Miller shared the details of Jerry Jones's $365 million proposal to build Cowboys Stadium in Dallas with Rasansky, but she has been criticized for refusing to bring the issue in front of the full council. He says it was the "greatest decision that was ever made" because Dallas hotels and restaurants still benefit from the team playing in Arlington without Dallas taxpayers having to pay a dime for the stadium. "We don't have to pass the cup around for Jerry Jones."

And Rasansky is convinced the proposal to build the stadium in Dallas was "a sham," with Jones using it as leverage. "It was pretty obvious, in my opinion, he was never going to build it in Dallas to begin with."

He recalls agreeing with Miller more than 90 percent of the time and says they met regularly on Mondays and Tuesdays to discuss the council's upcoming agenda. Oftentimes, the two were on the losing side of 13-2 votes, but Rasansky is quick to point out that when that was the case or when he was the lone dissenter on an item, he was right and everyone else was wrong.

"Does that sound egotistical? Um, no," he says. "It's just that I know that I'm right."
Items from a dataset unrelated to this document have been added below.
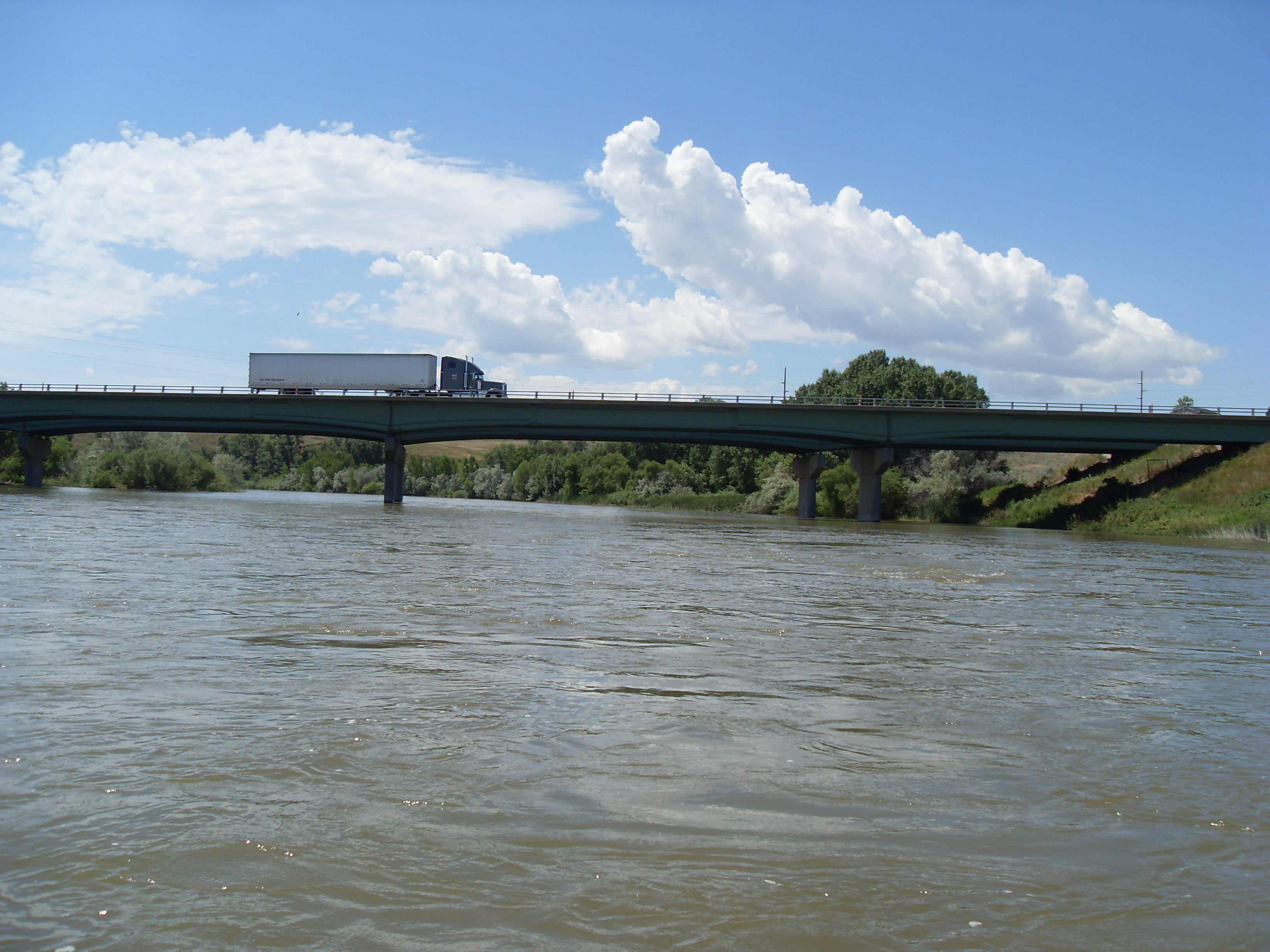 I25 bridge over the North Platte River, close to Douglas, Wy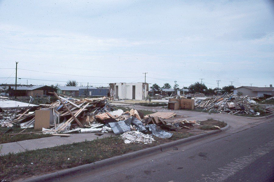 Damage after the Witchita Falls Texas tornado.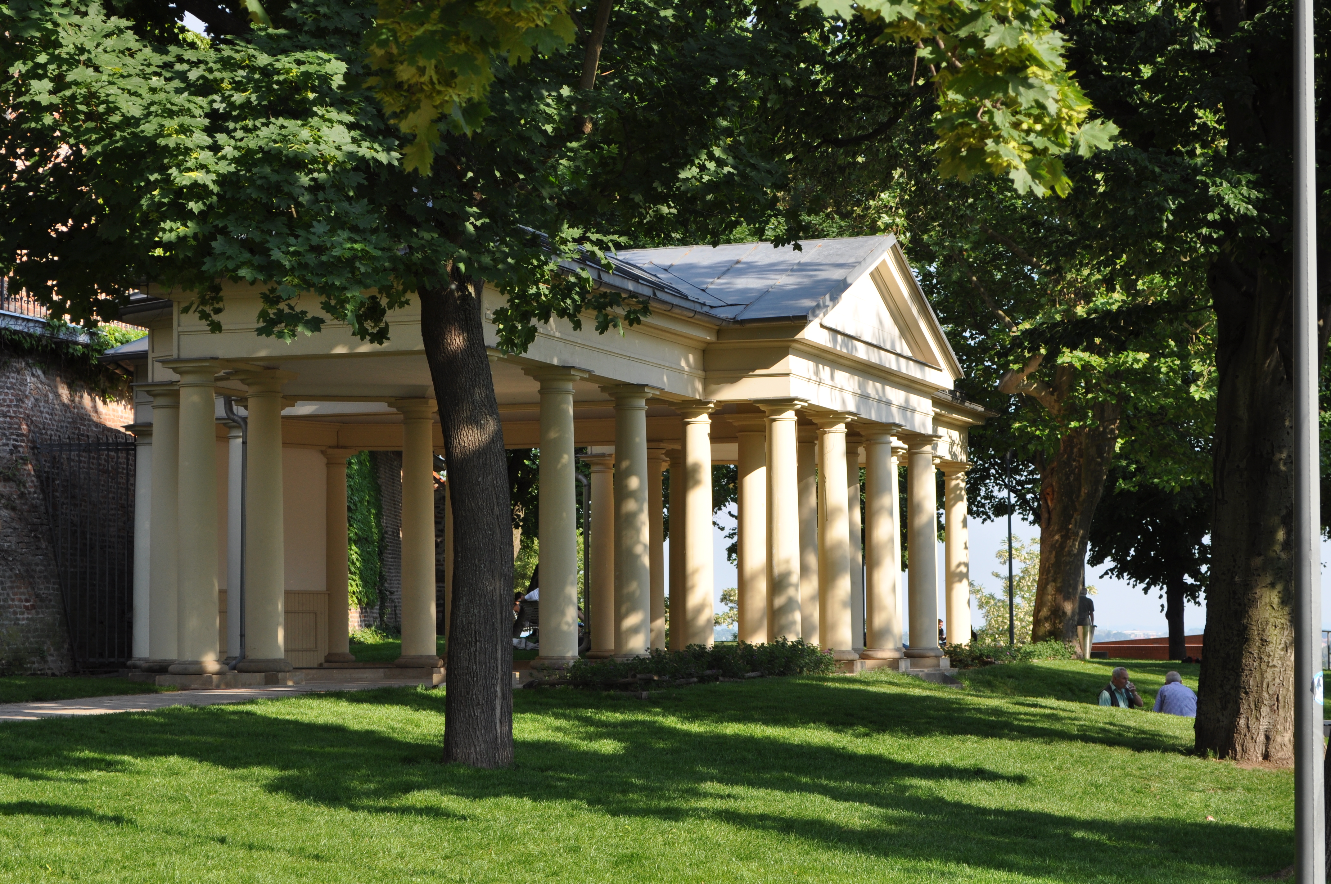 Brno - Denis gardens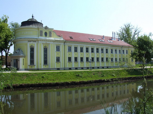 Building of the bath and spa "Árpád" in Békéscsaba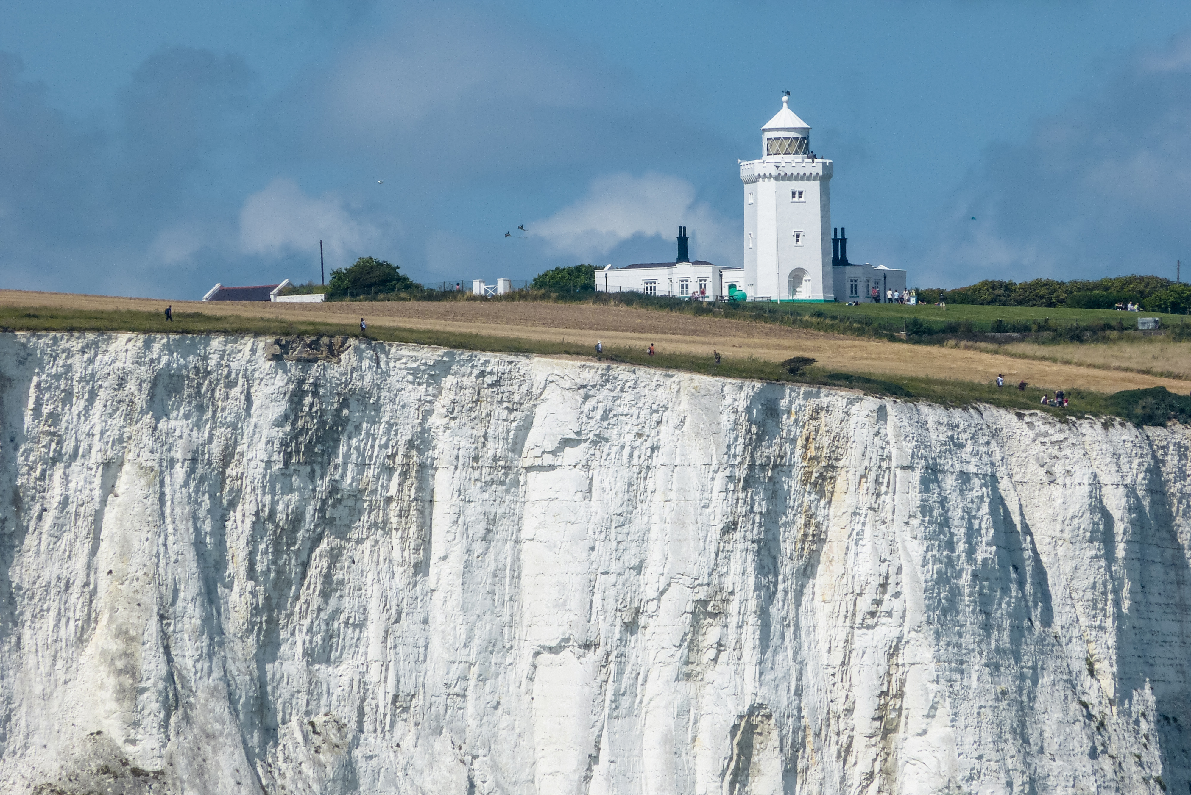 Dover cliffs, South Foreland Lighthouse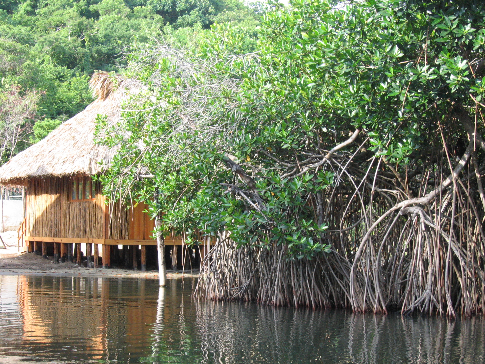 Thatched hut on stilts in lagoon — Chacahua, Oaxaca - Mexico,. Mangroves along shore. photo by Bernardo Bolaños.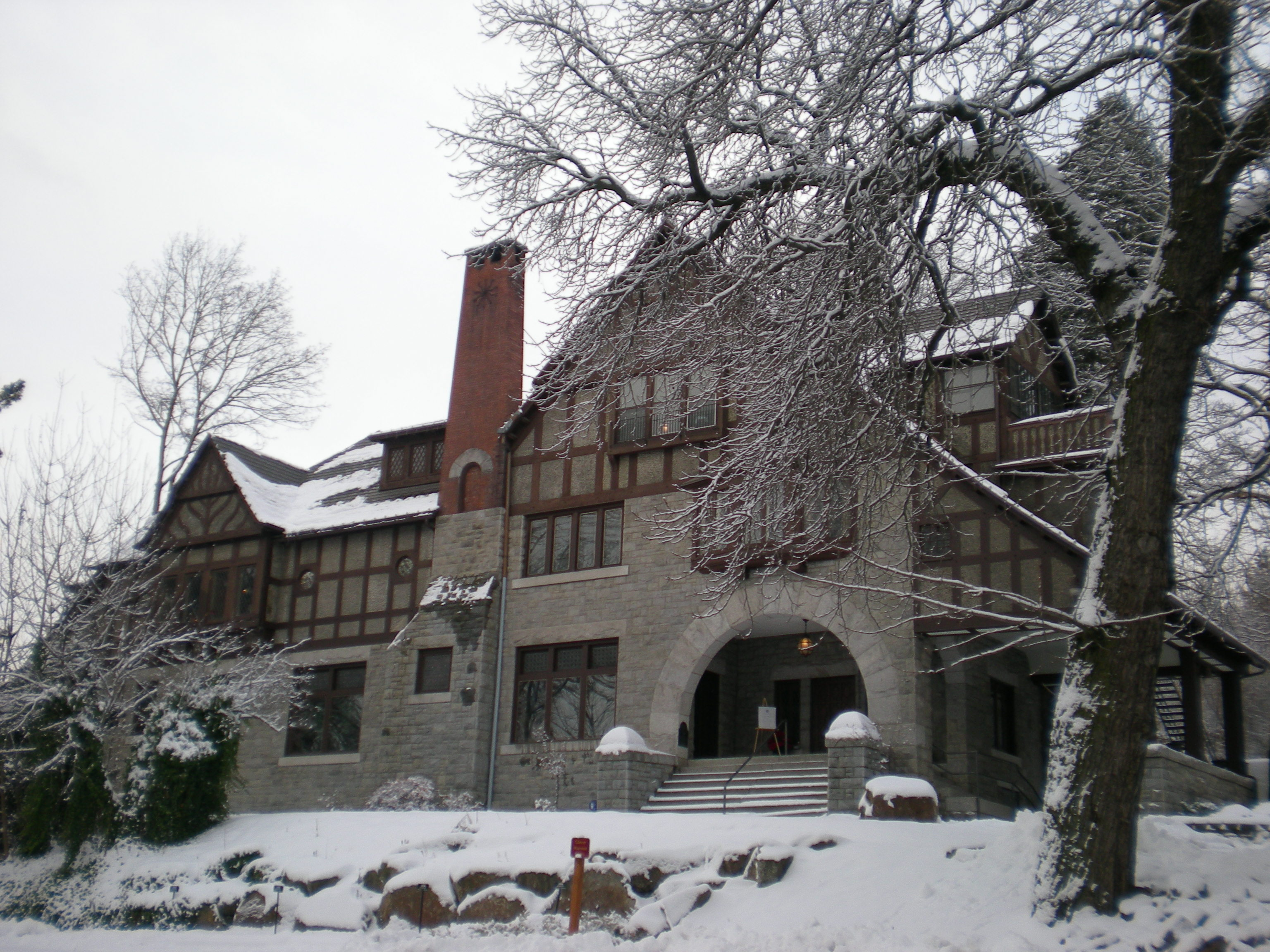 The Glover House, in Spokane, Washington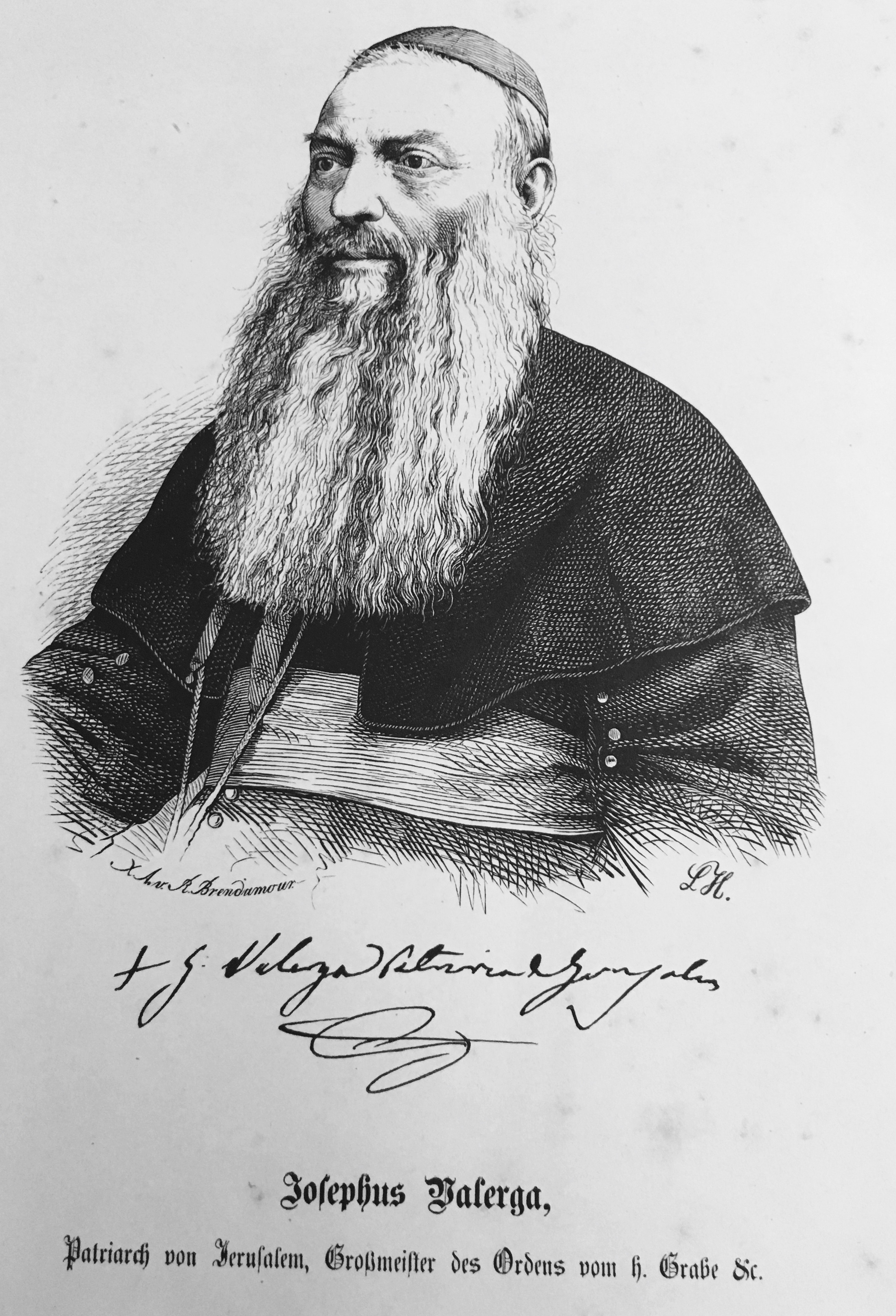 Portrait of Josephus Valerga (Latin Patriarche of Jerusalem) in the book "Der Orden vom heiligen Grabe", from Author Jakob Hermens, Schwann'sche Verlagsbuchhandlung, Köln and Neuss, 1870, 2. Edition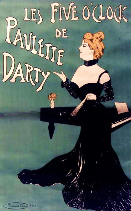 Cropped and color adjusted version of public domain image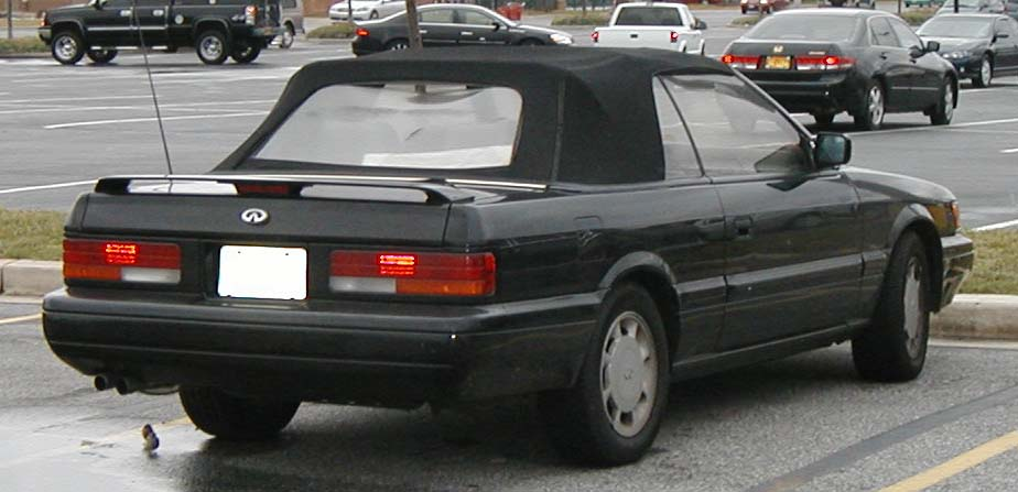 1990-1992 Infiniti M30 convertible photographed in USA.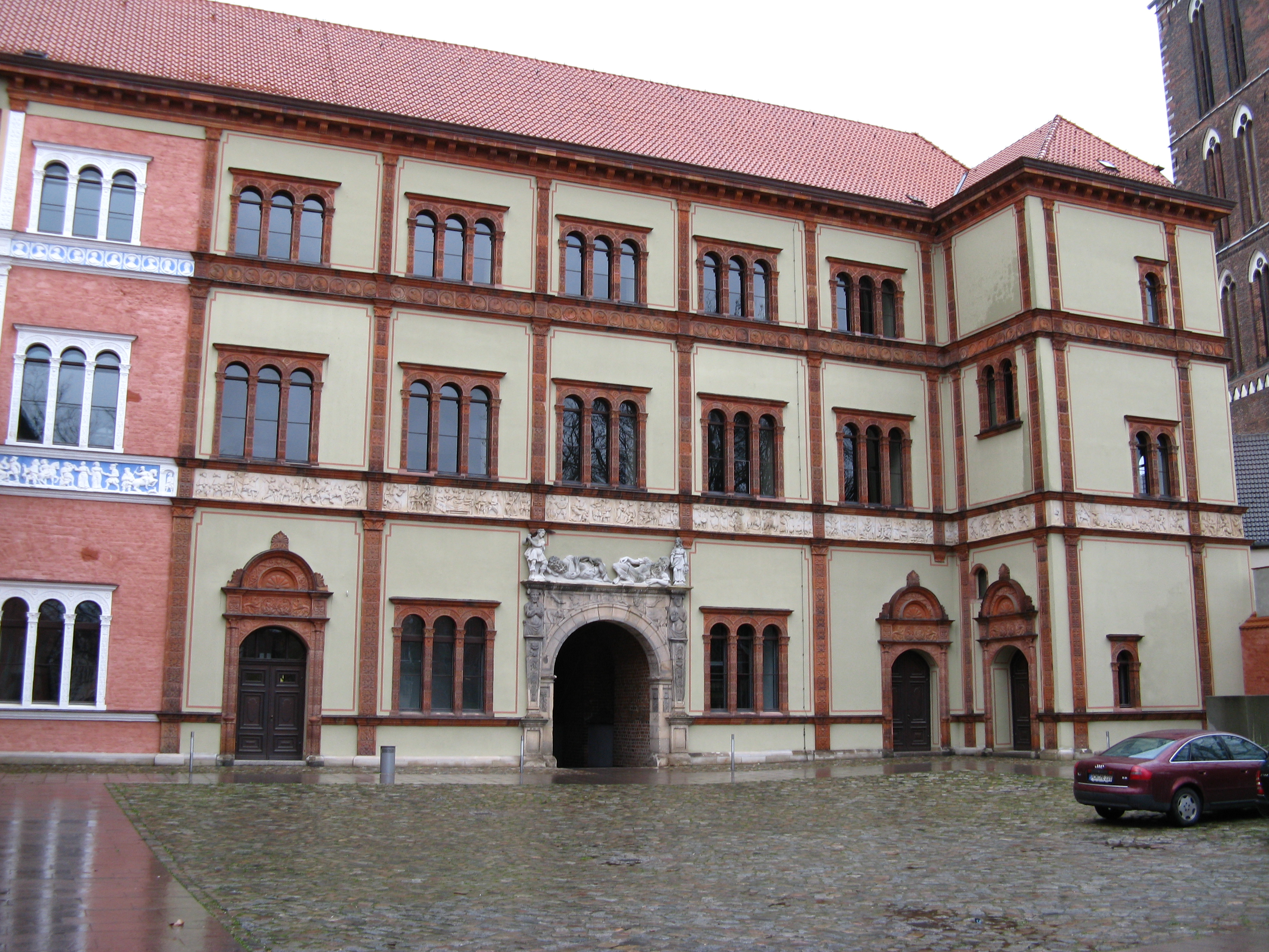 Fürstenhof (Fürsts court) in Wismar, Germany, court side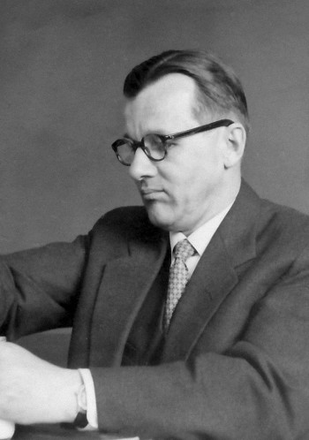 Photographer Erkki Niemelä, April 1957 (c) Pekka V. Virtanen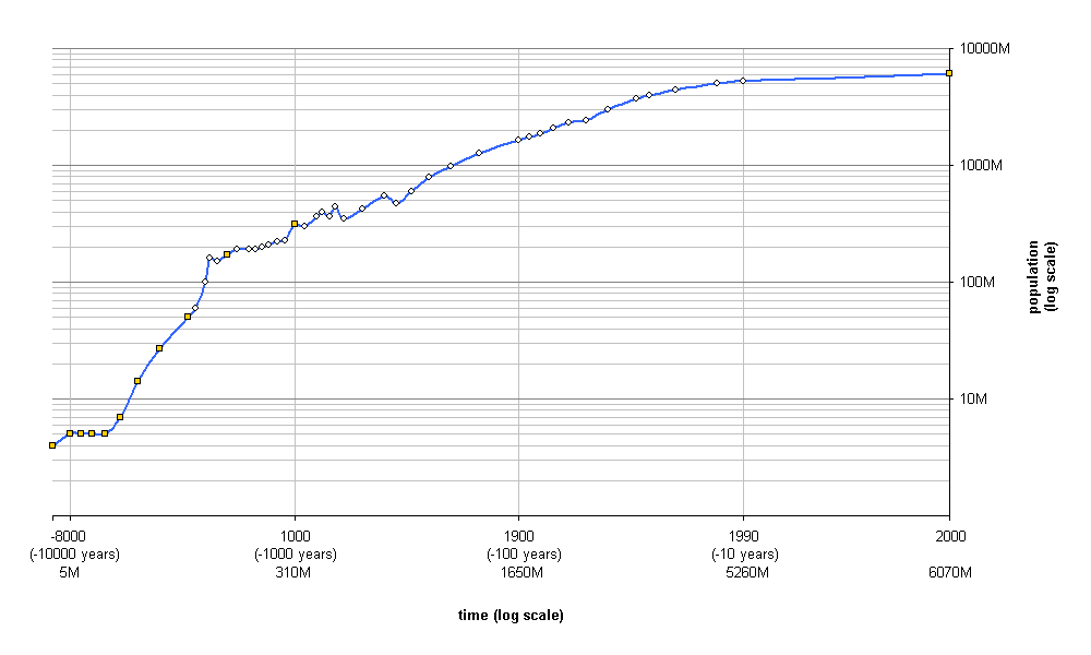 World population curve. Log scales are used for the population axis, to allow better reading of the data, and for the time axis, to compensate for the higher availability of census data for recent years.

It's this stubbornness that led to several confrontations between Rasansky and city staffers during his time on the council, with recently retired assistant city manager Ramon Miguez on the receiving end of numerous tongue-lashings. While he says Miguez "couldn't exactly be a stand-up comedian," Rasansky stresses that he grew to like him as he learned more about him and realized the two were both "car nuts."

Rasansky says he tried to be more respectful of city staff in his final years on the council, and he loves and misses all of the employees at City Hall. "I apologize to them if I [berated them]. I really mean that."

Now that he's passed the District 13 torch to Ann Margolin, Rasansky will go about his daily routine of walking three miles, which he's done every day since he had gastric bypass surgery, showing up at the Galleria at 4:30 a.m. on bad weather days. He'll continue to avoid interacting with computers (he didn't have one in his council office and doesn't have one at his business office), tout his "Redberry" (a small red scheduling book that he uses instead of a Blackberry) and leave his cell phone in his car on purpose.

And while his style earned him a reputation for being somewhat of a curmudgeon on the council, Blumer says he will be remembered as a fiscal watchdog and neighborhood advocate who provided wonderful constituent services. "My neighborhood in particular thinks he just hung the moon."